The ha, the ha, you never thought hip-hop would take it this far. You know the words, and the legendary voice who spoke them, but even The Notorious BIG would be utterly shocked to find out just how far the culture would go in the twenty years since he released “Juicy.” For instance, who could have ever envisioned Biggie’s fellow New York rap icon Nas performing his seminal debut Illmatic in its entirety at the Kennedy Center in Washington, DC with the National Symphony Orchestra? Or that this groundbreaking performance would become the subject of a documentary airing on PBS on February 2nd at 9 PM entitled Nas Live From The Kennedy Center — Classical Hip Hop?
Yet, that’s exactly what’s happened. The most popular genre in the US, which once fought to be recognized as a legitimate art form, has broken through every barrier to reach the heights of high-class culture and one of its most staunch supporters is being recognized by the nation’s longest standing artistic institutions. In Nas’ own words from the trailer above, “I wrote this in the projects in New York City. Here we are in the capital of America, Washington, DC, playing this album, and they feeling it.”

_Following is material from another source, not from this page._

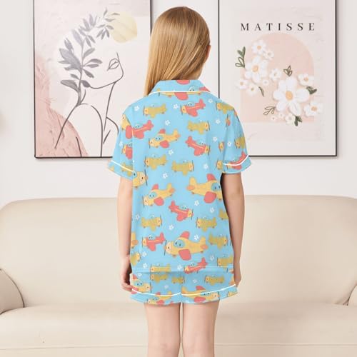 Aircraft Cartoon Pattern Summer Pajamas Set Soft Satin Pjs Sets 2 Piece Short Sleeve Sleepwear Casual Clothes 5

The documentary, directed by Jason Goldwatch and executive produced by Nas, Anthony Saleh, and Peter Bittenbender, will also chronicle Nas’ come-up from the Queensbridge Housing Projects of New York to the very performance described above. It will feature both archival footage and photos of a young Nas and the performance at The Kennedy Center, with classic hip-hop songs such as “It Ain’t Hard To Tell,” “New York State Of Mind,” and “The World Is Yours.” One of hip-hop’s avowed classics is being played in classical style in the capital city of the United States. Biggie would be proud.